• **Directions**
In this exercise, print only the lines of the records below from the one with "Een rijke oogst" through the one with "11月11日： 金沢八景ー東京湾アマモ場 再生会議、苗床づくり", inclusive. Pictures are not part of the copy.

Top of Supplied material

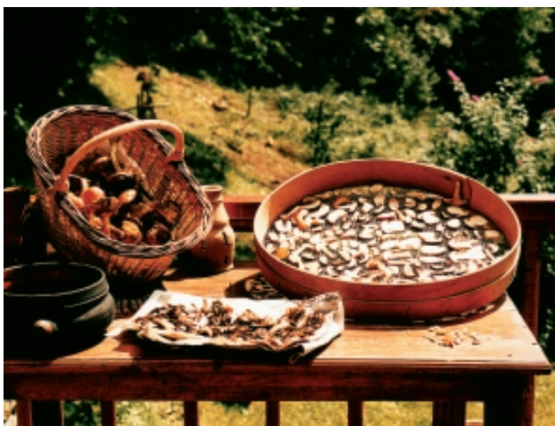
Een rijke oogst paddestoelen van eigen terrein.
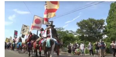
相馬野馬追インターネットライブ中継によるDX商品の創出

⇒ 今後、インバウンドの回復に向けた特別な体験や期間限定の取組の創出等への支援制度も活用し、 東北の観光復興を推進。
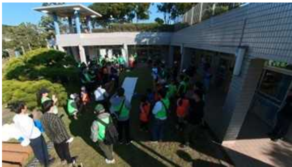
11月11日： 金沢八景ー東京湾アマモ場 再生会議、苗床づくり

Bottom of Supplied material
Top of Supplied material

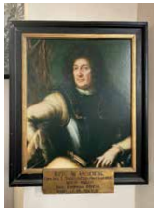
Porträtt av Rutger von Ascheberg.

Bottom of Supplied material

• **Solution for this task**
Een rijke oogst paddestoelen van eigen terrein.
相馬野馬追インターネットライブ中継によるDX商品の創出

⇒ 今後、インバウンドの回復に向けた特別な体験や期間限定の取組の創出等への支援制度も活用し、 東北の観光復興を推進。
11月11日： 金沢八景ー東京湾アマモ場 再生会議、苗床づくり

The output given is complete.